Parc national Terra-Nova
La population du nord-est de Terre-Neuve n’est pas à risque, mais les connaissances acquises lors des efforts de rétablissement menés à Terra-Nova par le passé seront fort utiles dans le cadre de la présente approche régionale en matière de conservation. En 1995, lorsque le cours inférieur de la rivière Northwest a été cédé au parc national Terra-Nova, Parcs Canada a installé une barrière de dénombrement du saumon lui permettant de déterminer que la montaison du saumon de l’Atlantique était bien inférieure aux cibles de conservation de l’habitat de Pêches et Océans Canada (MPO). On s’était alors préoccupé de la santé de la population de saumon de la rivière Northwest, ce qui avait entraîné la fermeture de la pêche récréative en 1996. Malgré cette fermeture de la pêche, une surveillance continue avait montré qu’une disparition locale de l’espèce demeurait possible. En 2002, Parcs Canada a uni ses forces à celles du MPO et des résidents locaux pour établir une nouvelle approche de conservation du saumon dans cette rivière. Ils ont formé le Groupe de travail sur la conservation du saumon de l’Atlantique de la rivière Northwest, et ont collaboré à l’élaboration d’un plan de rétablissement et de conservation de cette population. On a ainsi donné à la population le temps de se rétablir, en plus de réduire la limite de prises pouvant être conservées par les pêcheurs récréatifs, et depuis 2003, le parc national Terra-Nova est parvenu, chaque année, à atteindre sa cible de conservation, observant le retour annuel de 500 saumons dans la rivière Northwest.

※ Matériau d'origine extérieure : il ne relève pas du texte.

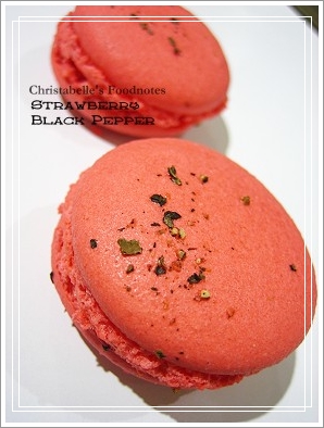 令我們最期待的「草莓黑胡椒」口味看起來與當初的感動有著相當大的分別。那回季節將黑胡椒與草莓混和,在享受草莓的香甜時口舌上也能有黑胡椒的刺激。不過這次的卻是草莓圓餅上灑著黑胡椒細粒,裡頭夾的也是草莓奶油餡。同事跟我有點小失望,因為那種每口都有著草莓黑胡椒的特殊混搭香氣不再,得吃到胡椒粒時才能體會到胡椒的作用。
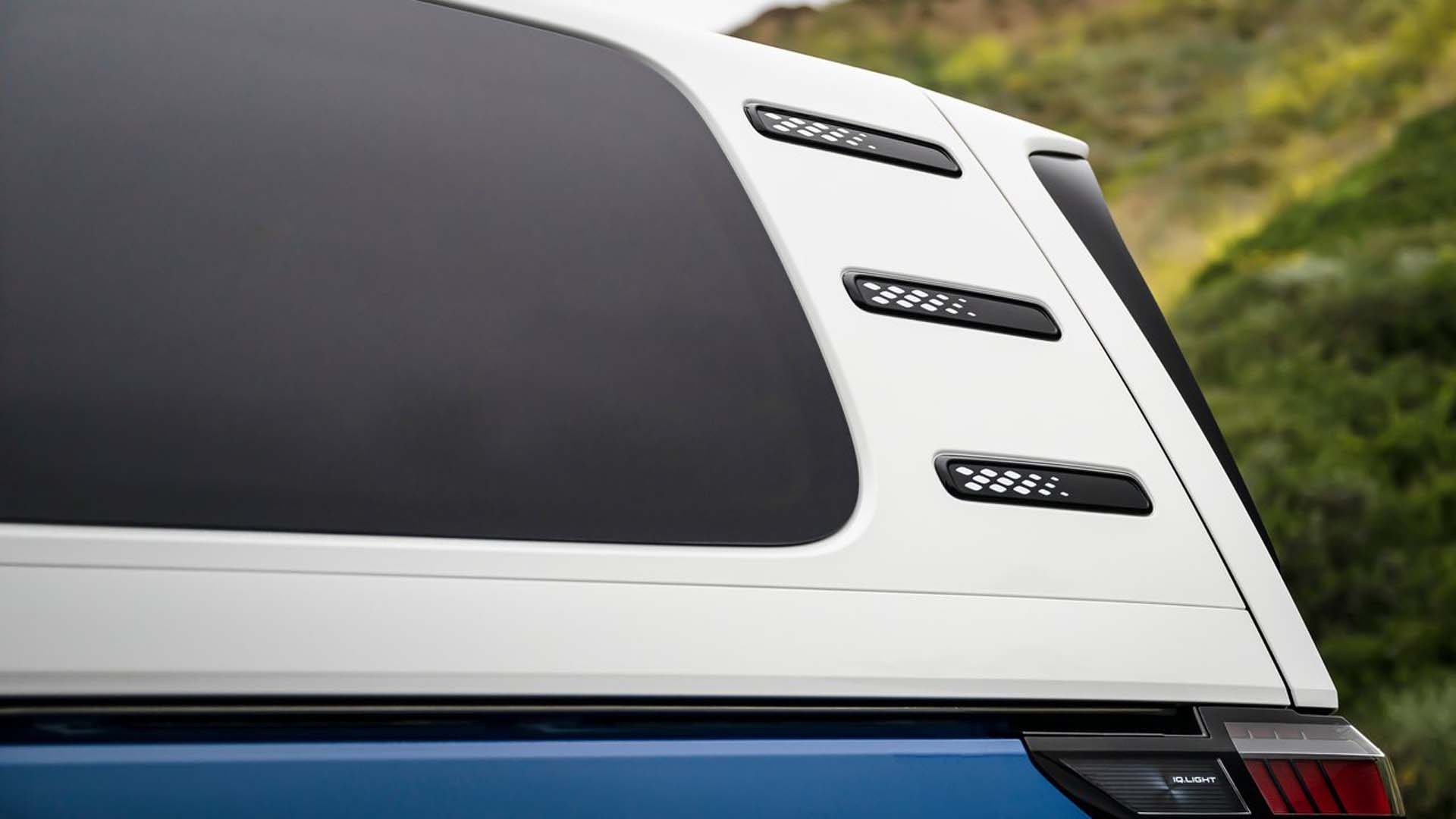 从车身侧面可以看到,ID. Buzz的车身修长,大面积的黑化车窗,标志性的撞色设计,搭配悬浮式车顶。车顶上还有大尺寸天窗,车头两侧为了降低视野盲区,采用了三角车窗的设计,体现这款车的设计十分的细致。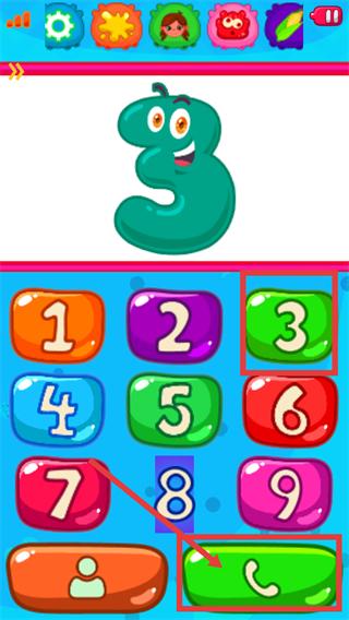 1、在数字按键区域找到想要拨打的数字(比如【3】),点击该数字后,再点击底部的绿色通话按钮,即可发起相应的呼叫。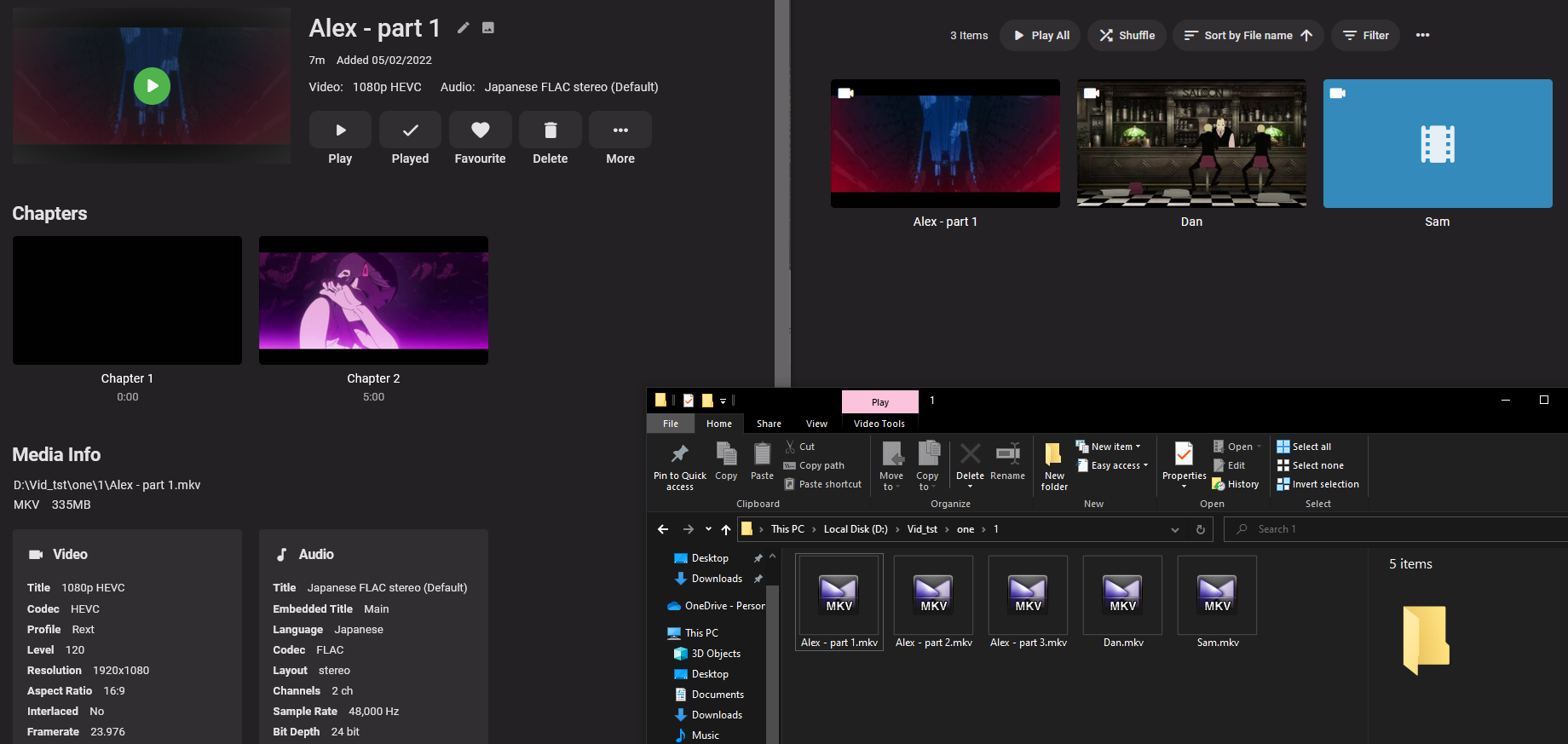 Problem- additional parts section will not show up, if more then one video file in directory.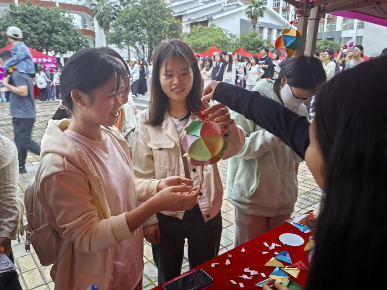 在实践体验环节,学院民间文学与民族文化教研室将课堂搬到容园社区户外,精心打造“民族文化体验营”。投壶、抛绣球、对山歌、画彩蛋、解谜语、猜春令等特色项目吸引了大量师生参与。学生们在趣味闯关中收集印章,兑换民族特色礼品,在亲身体验中触摸传统文化脉络。学院剪纸协会、望道读写社等学生社团也各展风采,分别推出“上巳剪彩,市集拾趣”剪纸活动与“寻春歌三月,踏声活非遗”读写活动,学子们穿针引线,将对“美美与共”的理解缝入十二瓣绣球的褶皱之中。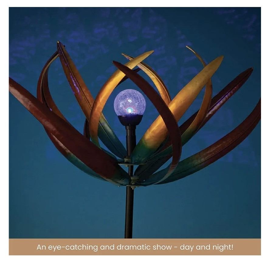Bits and Pieces, Muilt Colored Tulip Wind Spinner With Solar Light In Middle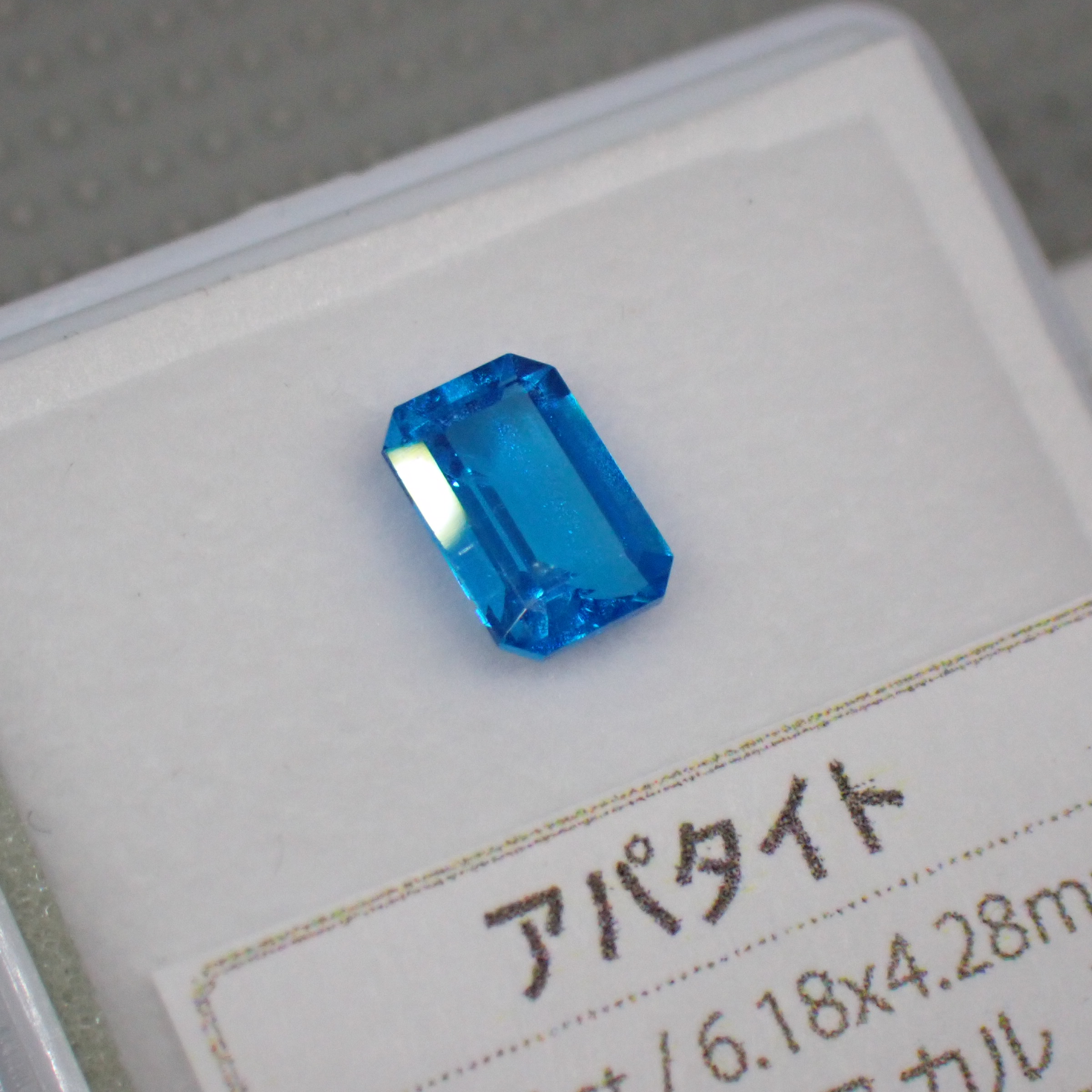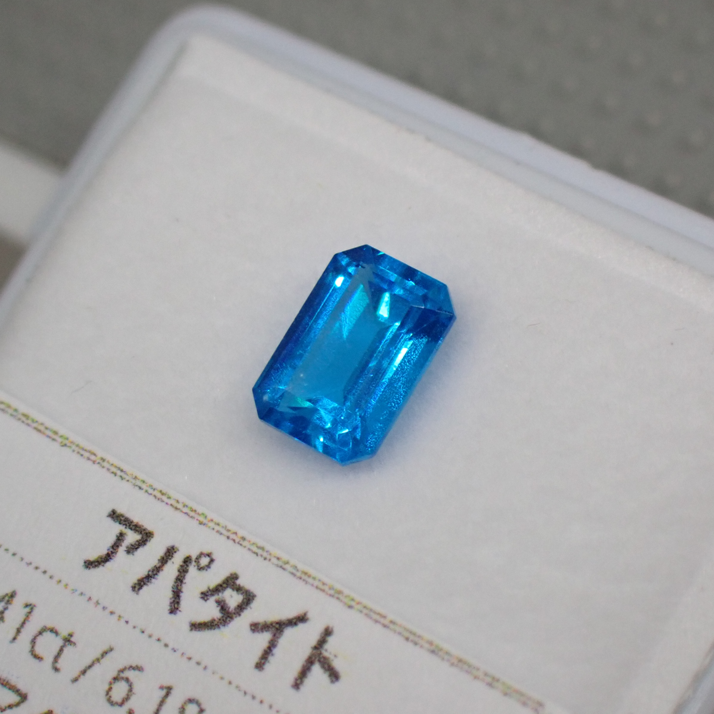 ネオンブルーの輝きがひときわ美しい、アパタイトのルースです。

Parc national Kouchibouguac
La population de saumon de Gaspé et du sud du golfe du Saint-Laurent est désignée comme une espèce en péril par le Comité sur la situation des espèces en péril au Canada (COSEPAC). Les rivières Kouchibouguac et Kouchibouguacis sont deux affluents de la région qui se démarquent par leur importante abondance de saumons juvéniles, mais les données à long terme indiquent une tendance générale à la baisse. En faisant appel à toutes les connaissances pertinentes et à la surveillance, le présent projet vise à accroître l’abondance de la population de saumon de l’Atlantique, y compris au moyen de relevés dans l’habitat et par pêche électrique, du marquage des adultes et de l’échantillonnage génétique. En partenariat avec les collectivités autochtones et des organismes sans but lucratif, le parc national Kouchibouguac et ses partenaires collaborent à la gestion des efforts de rétablissement comportant l’implantation d’œufs dans des plateaux de protection placés dans un habitat optimal. En comparant les résultats de nos efforts de surveillance et de conservation avec ceux d’autres parcs, selon les différentes situations en matière de conservation des populations, nous pouvons mieux comprendre les échéanciers qui favorisent l’efficacité des mesures visant les populations en déclin.